Now that's funny right there...


----------



## gordon 2 (Mar 20, 2017)

bullethead said:


> What god? Where is this god? What evidence from your particular god stands out from all the other gods? What is unique?



a)The God of Abraham, Isaac and Jacob.

b) At both ends of ordered consciousness and inbetween; in the formation of consciousness and will, the sustaining of these and their shoring up . But mostly God is at the end ( outside) of ordered human consciousness. People meet with my God when they seek God or of God due the disorder of life, usually from within a life crisis or simply from seeking God.

c) My God is a savior of the poor due a charity that surveys beyond or outside of what I can understand by myself ( and every body else).
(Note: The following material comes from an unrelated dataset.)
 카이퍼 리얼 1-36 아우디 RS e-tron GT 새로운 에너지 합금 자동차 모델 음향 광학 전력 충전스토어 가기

Poverty is not only lack of wealth, it  is also despair.

d)My God is the first and the last will known to me that is consistent from the first to the last. I know my God even in the lives of people who might not know of my God. My God is the creator of my consciousness and all that my consciousness can claim as an object from bias to beans.


----------



## 660griz (Mar 21, 2017)

Gaducker said:


> Well yea I guess so but both mine have been a pure pleasure to raise and when my first born went off to college it hurt me like that first love in highschool hurt..
> 
> I have been blessed to have good kids I guess.



Plus, I assume you have evidence they are yours and not the spawn of Satan. You have that going for you...which is nice.


----------



## 660griz (Mar 21, 2017)

gordon 2 said:


> People meet with my God when they seek God or of God due the disorder of life, usually from within a life crisis or simply from seeking God.
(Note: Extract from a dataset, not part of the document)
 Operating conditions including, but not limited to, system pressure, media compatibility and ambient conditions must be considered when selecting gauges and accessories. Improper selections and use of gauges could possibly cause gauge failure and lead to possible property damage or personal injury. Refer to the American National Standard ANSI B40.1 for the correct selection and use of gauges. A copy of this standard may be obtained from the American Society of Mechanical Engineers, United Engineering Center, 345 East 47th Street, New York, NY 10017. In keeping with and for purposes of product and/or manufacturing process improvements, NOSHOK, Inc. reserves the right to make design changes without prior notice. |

 Some of the main reasons religion exists right there.



> My God is a savior of the poor due a charity that surveys beyond or outside of what I can understand by myself ( and every body else). Poverty is not only lack of wealth, it  is also despair.


 Yet, there is still millions of folks in poverty.



> My God is the first and the last will known to me that is consistent from the first to the last. I know my God even in the lives of people who might not know of my God. My God is the creator of my consciousness and all that my consciousness can claim as an object from bias to beans.


 Thanks to where you were born and who you were born to. Lucky you. You could have been stuck with one of those crazy gods.


----------



## j_seph (Mar 21, 2017)

ambush80 said:


> Is there anything else in your life that you believe in prior to having evidence?


That your parents are your parents. We do not remember coming out of the womb, the first time we were held, we really don't remember about the first 3 years of our lives. We have no proof that this man and woman are our actual parents unless we have a paternity test to scientifically prove that they are. How many of our members here have had that test done to verify that your parents are your birth parents? May be a lot of folks here that were adopted when they believed the whole time these were their birth parents.


----------



## ambush80 (Mar 21, 2017)

j_seph said:


> That your parents are your parents. We do not remember coming out of the womb, the first time we were held, we really don't remember about the first 3 years of our lives. We have no proof that this man and woman are our actual parents unless we have a paternity test to scientifically prove that they are. How many of our members here have had that test done to verify that your parents are your birth parents? May be a lot of folks here that were adopted when they believed the whole time these were their birth parents.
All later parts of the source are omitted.